Se non si accetta la realtà e quindi l’impossibilità di avere dei figli, ci si può facilmente lasciar sopraffare dalla disperazione. Ci si dimentica di volersi bene, di curarsi anche dal punto fisico (perché diciamolo: l’idea di non potersi prendere cura di qualcuno, conduce alla distorta opinione che non è necessario prendersi cura neanche di se stesse. Tanto a chi importerebbe?) e questo porta a ulteriore frustrazione.
L’accettazione è un processo: si parte da un’iniziale negazione, per passare alla disperazione, depressione fino al senso di colpa e rabbia. Subentra l’ansia e spesso le donne tendono a somatizzare il dolore. Questo si manifesta attraverso disturbi del sonno, dell’alimentazione, malessere generale.
Per affrontare e superare questo cruciale momento della vita, ognuno può ricorrere al metodo più congeniale alla propria persona. C’è chi si rivolge alla psicoterapia, chi cerca conforto in gruppi religiosi o si sostegno. I più fortunati trovano aiuto tra amici e all’interno della famiglia.

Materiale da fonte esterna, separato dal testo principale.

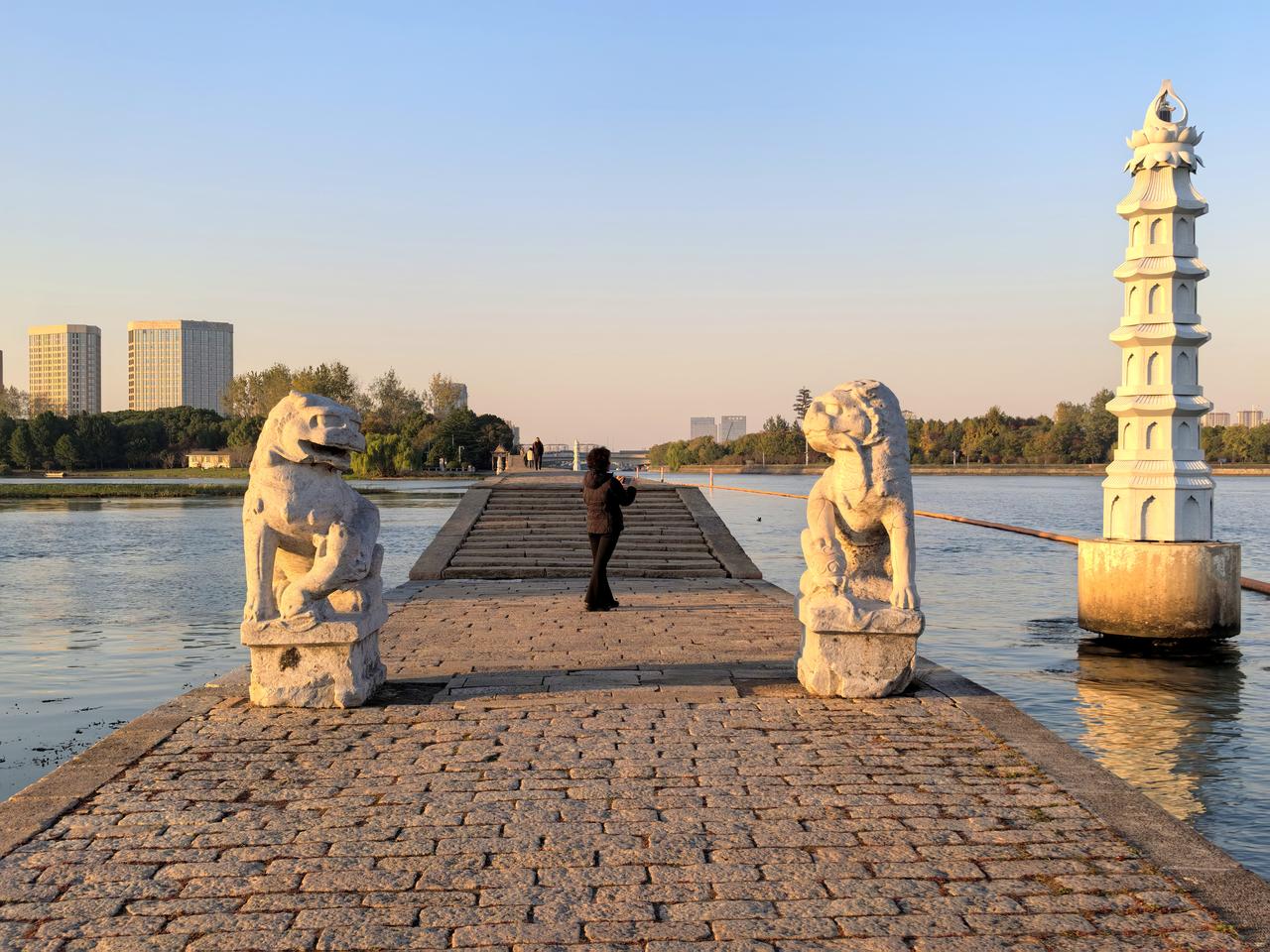 长桥卧波映运河,唐韵诗魂伴秋光——宝带桥漫记 告别虎丘,剑池的幽凉与塔影的苍茫仍在眼底流转,登上地铁2号线,我们很快便到达了苏州之行的第十三站——宝带桥。这是一个小众景点,来时只寥寥数人。静卧在苏州市吴中区大运河畔的宝带桥始建于唐元和年间。千余载光阴流过,它如一条温润的玉带,一头系着盛唐的风烟,一头连着秋日的清澄,不仅见证着运河的晨昏,更引得历代文人墨客为其挥毫泼墨,留下无数传世诗篇。 宝带桥的名字,藏着一段千古佳话。相传唐元和年间,刺史王仲舒为解运河通航之困,捐出自己珍藏的宝带募资建桥,桥成后形似宝带横卧碧波,便得名“宝带桥”。明代书法家王宠曾赋诗赞其美名与气势:“春水桃花色,星桥宝带名。鲸吞山岛动,虹卧五湖平”,寥寥数语,既点出桥名的雅致,又勾勒出它如彩虹卧波、吞吐湖山的雄姿。如今踏上桥面,青石板被千年步履磨得温润发亮,缝隙里嵌着深褐的苔痕,每一步都像在与历史对话。桥身由五十三孔石拱连贯而成,孔径由中间向两侧递减,弧度舒展流畅,远远望去,恰如明代文人王鏳笔下“碧虹跨平湖,远岫参差映。门影入波圆,五十三明镜”的景致,五十三个桥孔倒映水中,如串珠般连贯,妙趣横生。桥墩呈船形,迎水的一面削成尖棱,恰好分流运河水势,这般因地制宜的营造智慧,让这座古桥历经千年洪水冲刷仍屹立不倒。 秋日的宝带桥,最是得景,也最能勾起诗人的才情。天朗气清时,阳光斜斜铺在桥身,米白色的石拱在蓝天下舒展,元代僧人释善住曾题诗描绘此景:“白鹭下秋色,苍龙浮夕阳”,白鹭掠过低空,夕阳为长桥镀上金边,恰似苍龙浮于水面,意境悠远。河面上偶有货船缓缓驶过,水波荡漾间,桥影与船帆叠在一起,分不清是桥在水中,还是水在桥上。桥畔的芦苇已染成浅黄,风过处,芦花轻舞,与桥边野菊相映,添了几分清寂。此时再读乾隆皇帝《过宝带桥有咏》中“金阊清晓放舟行,宝带春风波漾轻”的诗句,即便不是春日,也能从秋波的澄澈中,体会到舟行桥畔的悠然意趣。 宝带桥最负盛名的,莫过于“串月”奇观。每逢中秋之夜,明月当空,五十三孔桥洞各映一月,连成一串,成为吴中盛景。清代沈朝初在《忆江南》中专门吟咏此景:“苏州好,串月看长桥。桥畔重重湖面阔,月光片片桂轮高。此夜爱吹箫”,生动描绘出中秋夜人们聚于桥畔,赏月听箫的雅致场景。漫步桥间,指尖抚过冰凉的石栏,触感粗糙却带着岁月的温度。那些嵌入石缝的苔痕,是时光的印记;那些被磨平的石板,是人间的烟火。历代文人的诗句,便如这些印记一般,为古桥增添了厚重的文化底蕴——它见过盛唐的繁华,听过宋元的桨声,看过明清的帆影,也映过无数诗人眼中的月、笔下的景。 夕阳西下时,余晖为宝带桥镀上一层暖色,桥影被拉得悠长,与运河水交融成一片温柔的橙红。耳畔仿佛还回荡着“涛声当夜起,并入榜歌长”的诗意,古桥、运河、诗韵与秋光交织在一起,让人沉醉。告别这座千年古桥,它的雄奇与雅致,它的历史与诗魂,已悄然嵌进旅程的扉页,成为江南之行里,一段关于时光、流水与笔墨的温柔记忆。原创作品 苏州京杭大运河 大运河现存最长石桥 宝带桥的由来 宝带桥漫步 大运河寻古

Anche se inizialmente può far male vedere donne in dolce attesa e bambini che sembrano circondarci in ogni dove, arriverà il momento in cui occuparsi dei nipotini, figli di amici può rivelarsi una grande ricchezza. I bambini d’altronde sono una fonte inesauribile di buon umore che allontana dalla depressione, un’iniezione di pura energia.
Non dimentichiamoci inoltre che ci sono tantissimi bambini bisognosi che hanno bisogno di amore e altri tipi di supporto. Donare amore, fare del bene, può soltanto scaturire altro bene. Una catena di buone azioni dalla quale ci si sente gratificati e rigenerati.
Insomma, arrivati ad un certo punto si deve decidere che strada prendere: quella dell’amore o dell’autodistruzione. Sta alla singola persona (e alla coppia) scegliere se e come rialzarsi da un dolore immenso, ma ognuno può farcela perché è quando ci si trova di fronte alla più grande debolezza che ci si rende conto della forza che si ha.